Cheerleaders versus coaches: the prank wars
Watch the start of the cheerleader versus coaches prank wars below.
November 12, 2013
Most people have those vivid experiences of pranking (or getting pranked by) siblings or friends. The rush of comic humor and adrenaline can be quite remarkable as a cunningly laid trap activates. However, the senior cheerleaders have taken the art of pranking to another level: the prank wars.
“Well, one day we were in the indoor,” senior cheerleader Erin Uhl said. “We were waiting to practice with the football players and Coach Cox told us that he was making a video to wish the football players good luck, and then Coach Villarreal came storming in in full football player uniform, so we got scared, and that kind of started it.”
Each side has been attempting to gain the upper hand and win the wars.
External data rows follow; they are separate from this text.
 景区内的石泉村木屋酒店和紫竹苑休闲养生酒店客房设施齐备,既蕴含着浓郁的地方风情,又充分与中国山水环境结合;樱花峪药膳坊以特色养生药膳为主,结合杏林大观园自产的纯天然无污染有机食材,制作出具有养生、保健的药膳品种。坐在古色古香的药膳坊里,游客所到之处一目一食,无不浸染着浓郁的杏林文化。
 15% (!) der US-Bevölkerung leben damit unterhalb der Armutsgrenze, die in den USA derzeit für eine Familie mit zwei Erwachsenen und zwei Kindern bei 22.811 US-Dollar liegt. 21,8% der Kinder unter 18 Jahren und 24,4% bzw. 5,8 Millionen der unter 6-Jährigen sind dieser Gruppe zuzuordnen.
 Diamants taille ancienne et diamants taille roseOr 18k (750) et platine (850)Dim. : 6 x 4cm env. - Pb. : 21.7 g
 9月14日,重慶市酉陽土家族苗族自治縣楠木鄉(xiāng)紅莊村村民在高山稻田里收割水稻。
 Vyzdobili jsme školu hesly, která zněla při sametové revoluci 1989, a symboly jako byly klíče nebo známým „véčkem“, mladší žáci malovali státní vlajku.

“After we plastered both of their (Coach Cox and Coach Villarreal) classrooms, Coach Villarreal stole our run-through sign, which we weren’t even worried about because we didn’t care, and then he brought it to the game anyway,” senior cheerleader Heloise Rytzell said.
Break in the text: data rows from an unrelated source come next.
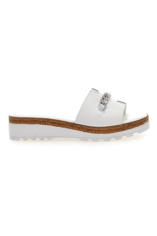 Ciabatte azzurre effetto jeans con dettagli multicolor e fibbie Dame Rose APY66
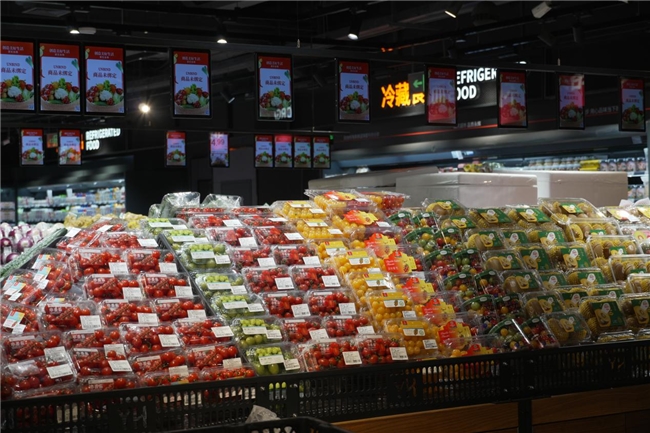 生鲜板块成为本次升级的核心亮点。蔬菜区精选氧心园乳黄瓜、草莓番茄等高品质蔬果,并引入东源兴品牌菌菇、榴莲蜜薯、甜杆西兰花等特色品种,满足多样烹饪需求。水果区汇聚空运树熟榴莲、串茄/春沐源番茄等热门品类,并携手佳农、佳沃、怡颗莓、都乐等知名品牌,持续丰富果盘选择。正值初冬尝鲜季,来自智利的饱满车厘子与丹东产区的红颜草莓也已陆续上架,以鲜润口感点亮时令餐桌。肉禽区聚焦品质升级,主打进口牛肉、潮汕牛肉、气调猪肉及可生食鸡蛋等高标准单品;水产区则引进挪威三文鱼、帝王蟹、东星斑、九节虾等中高端海鲜,全面升级家庭餐饮品质。
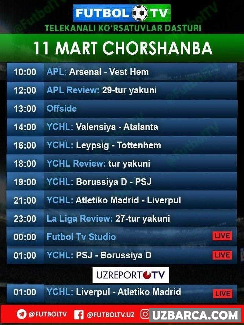 Futbol TV telekanali bugun — 11 mart, chorshanba kuni yuqoriidagi ko'rsatuv va translyatsiyalarni efirga uzatishni rejalashtirgan.
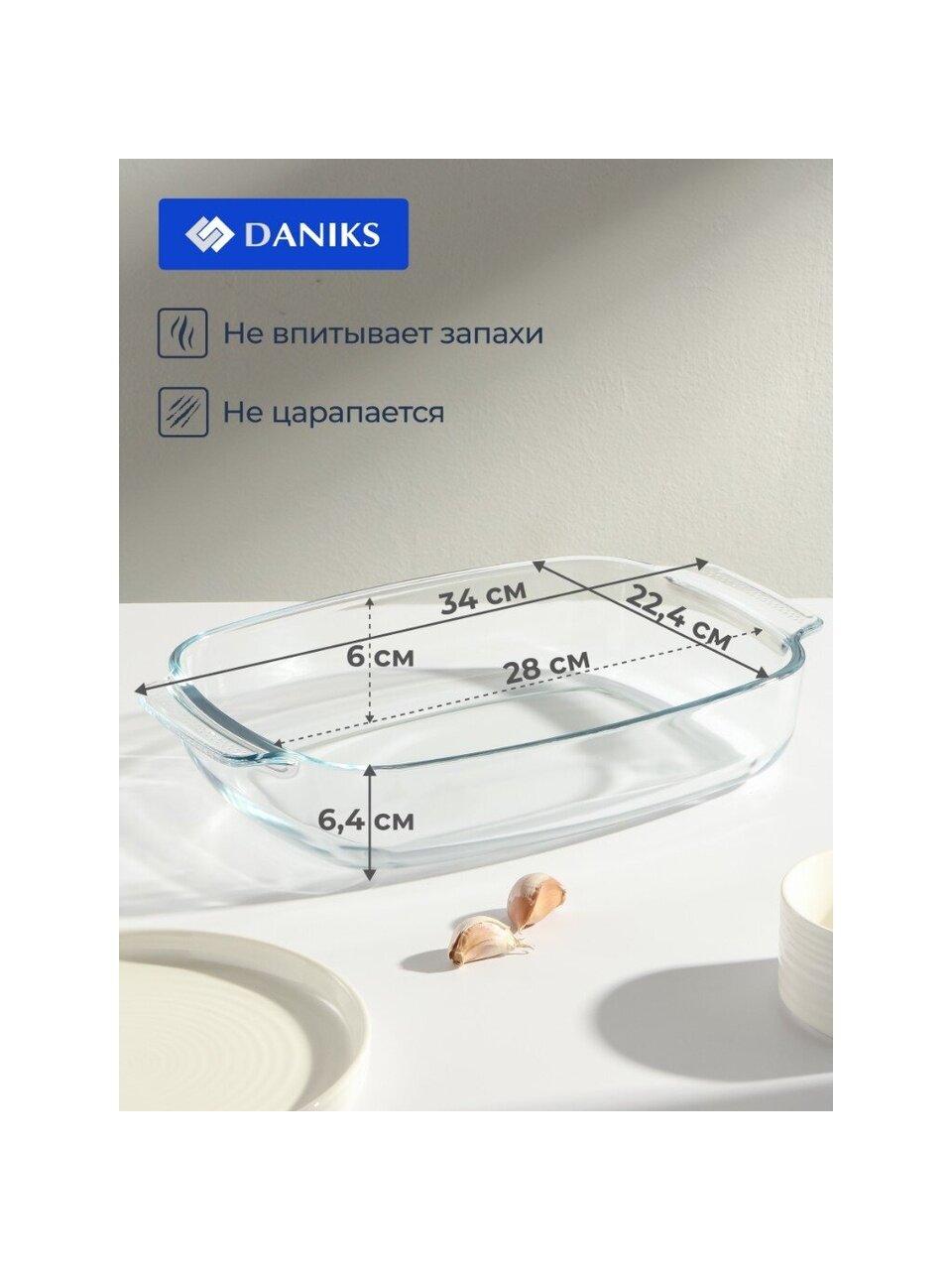 В отличие от металлических и керамических аналогов, стекло не вступает в реакцию с продуктами и сохраняет натуральный вкус блюд. Если вы ищете, чем отличается стеклянная форма от металлической — стекло проще в уходе, не царапается, не ржавеет и не требует антипригарного покрытия. Благодаря отсутствию рифленого дна, форма Daniks легко очищается даже после запекания жирных продуктов.
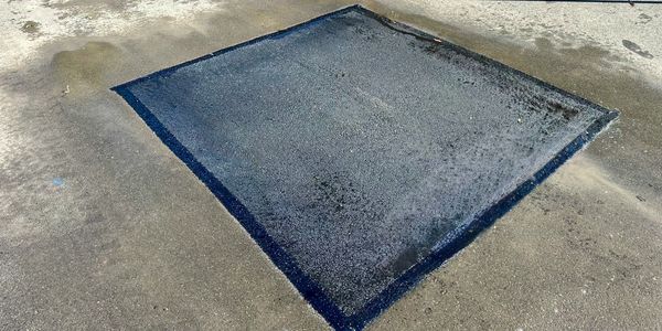 Patch repair involves installing new asphalt over a section of pavement that has been cut out and prepared for resurfacing. In the case of larger patches—such as repairing a sunken or cracked section of a car park or roadway—the damaged asphalt is removed, the base is re-compacted if needed, and new asphalt is laid to restore a smooth, level surface. When completed to standard, these larger patch repairs can last 10 years or more.
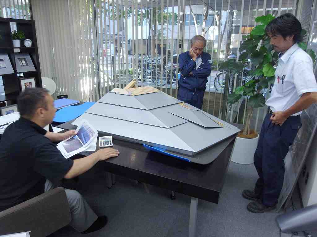 百合ヶ丘の家(2) 現場報告 2015年08月07日 概ねの施工図のめどがたち、詳細を詰める段階まできました。検討した図面をもとに、原寸の屋根のモックアップを作成していただき、打合せを行います。 屋根のコーナー部分のモックアップを作成していただきました。再度検討は必要ですが、実物大の物が出てくると、わくわくします。souhei PR
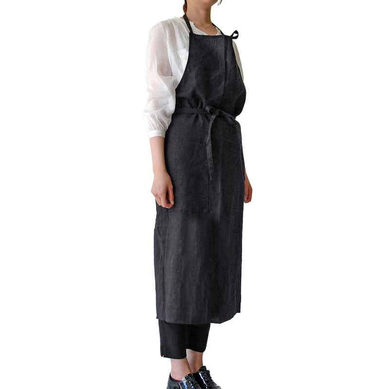 ウォッシュド加工を施した、柔らかな風合いのリネンエプロン
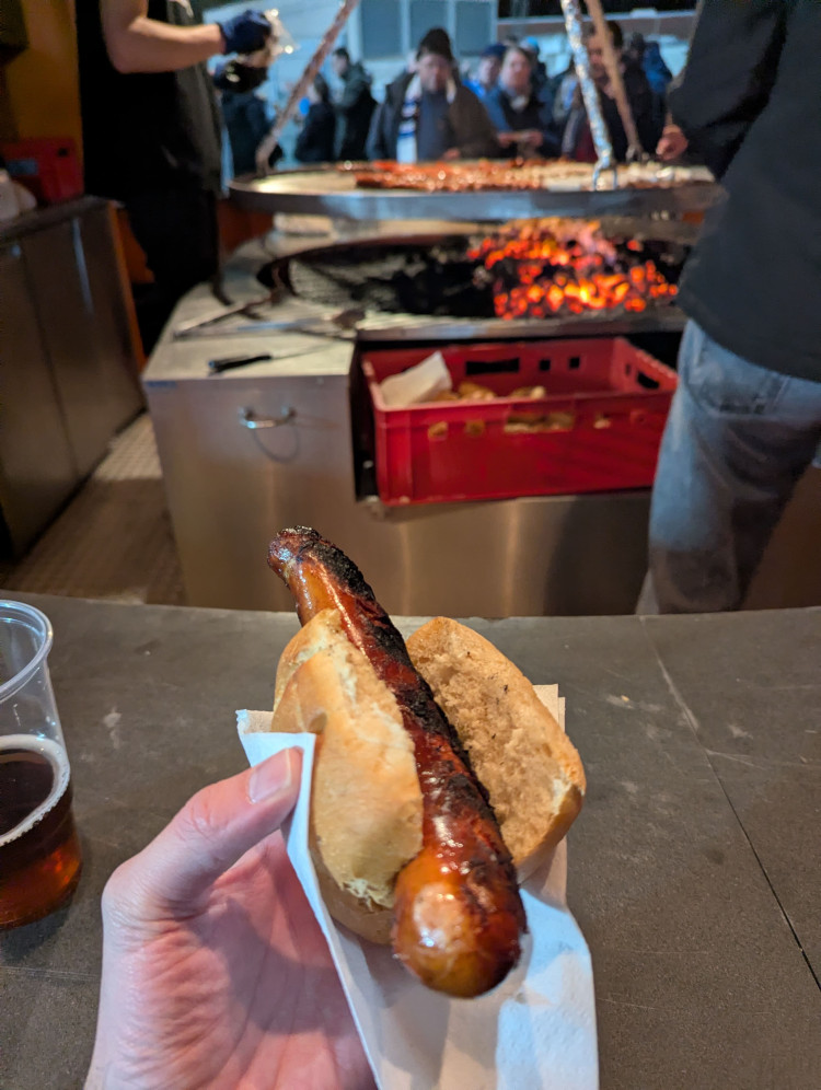 On pouvait justement rentrer avec sa boisson dans le stade, contrairement au match féminin où j’y faisais justement le désagréable constat. Pour manger, autant profiter de la convivialité des stands du stade où les prix sont ok. Même si je ne suis pas le premier fan de bratwurst ou currywurst, là je trouve qu'on en avait un peu plus pour notre argent que dans mes précédentes expériences.
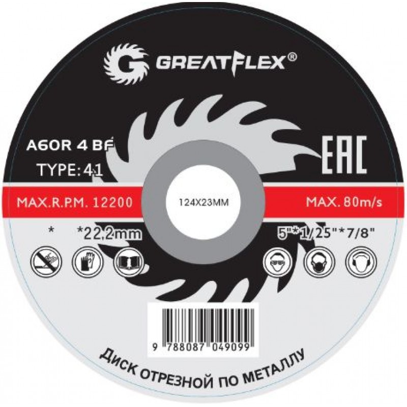 Диск отрезной по металлу GREATFLEX T41-125х1,2х22,2мм Master
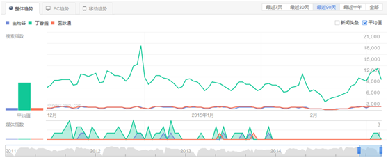 我们可以看到,与网站流量情况差不多,丁香园的百度指数比医脉通和生物谷高一个数量级,而生物谷和医脉通基本上是“双胞胎”的状态,一直比较平稳。
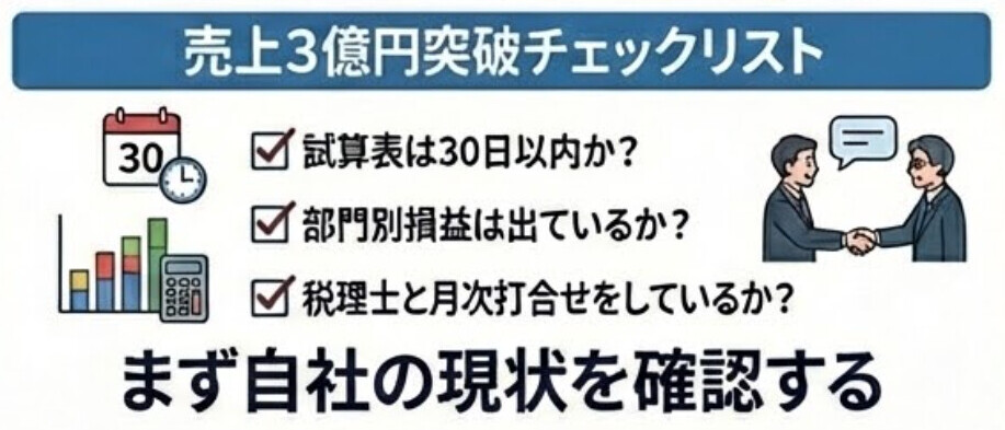 年商3億円という数字は、中小企業が「個人商店の延長」から「組織的な企業」へと脱皮するための最初の大きな試練と言えます。

Meanwhile, one of the pranks by the cheerleaders consisted of plastering the classrooms of the two coaches with a horde of copies of their school website pictures.
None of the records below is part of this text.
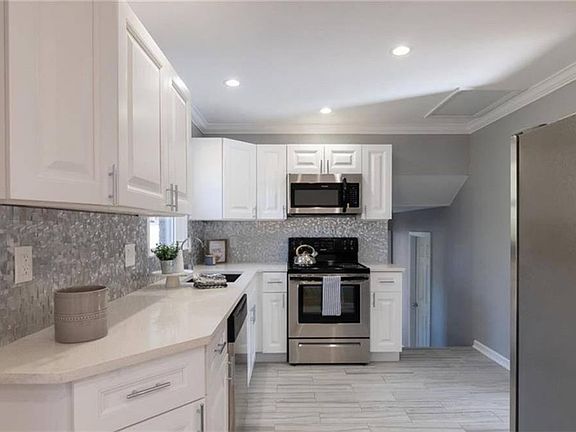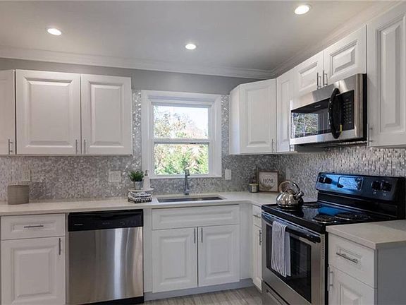 Sleek shaker-style cabinetryContemporary split-level homeAttached garageFenced-in backyardFamily roomStainless steel appliancesBreakfast eat-in area
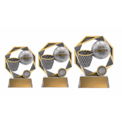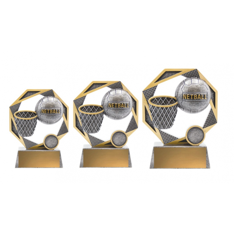 Elegant design of participation trophies for Netball feature iconic ball & net elements and finished in classic antique silver. Available in 3 sizes
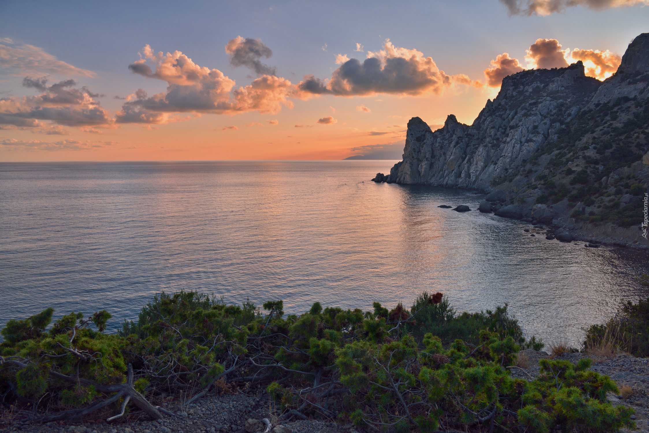 Edytor tapety: Zachód słońca nad morskimi skalami

“(I thought) that I’d been betrayed, that I had been thrown down a flight of stairs while on crutches,” football coach Ryan Cox said. “My heart was broken, and I felt like I had no true friends in life anymore. An organization that I’d done nothing but support, help, and promote since I’d been on campus had, without any provocation, defiled my room, and basically made a mockery of my school picture that I had taken earlier this year. It was awful; the mess was atrocious: it looked like a disaster area, and I did nothing to deserve such heinous treatment by the group that is responsible for this.”
Pranks such as this gave the cheerleaders cause to believe in their victory.
“I think that we won because our pranks are one million times better than theirs,” Rytzell said.
While the wars may result in some distractions and strained feelings, they have also had an impact on student life.
“Well, it’s really fun,” senior cheerleader Regan Raineri said. “It’s better than being in class because we get to prank the football coaches and we get to run around and be funny.”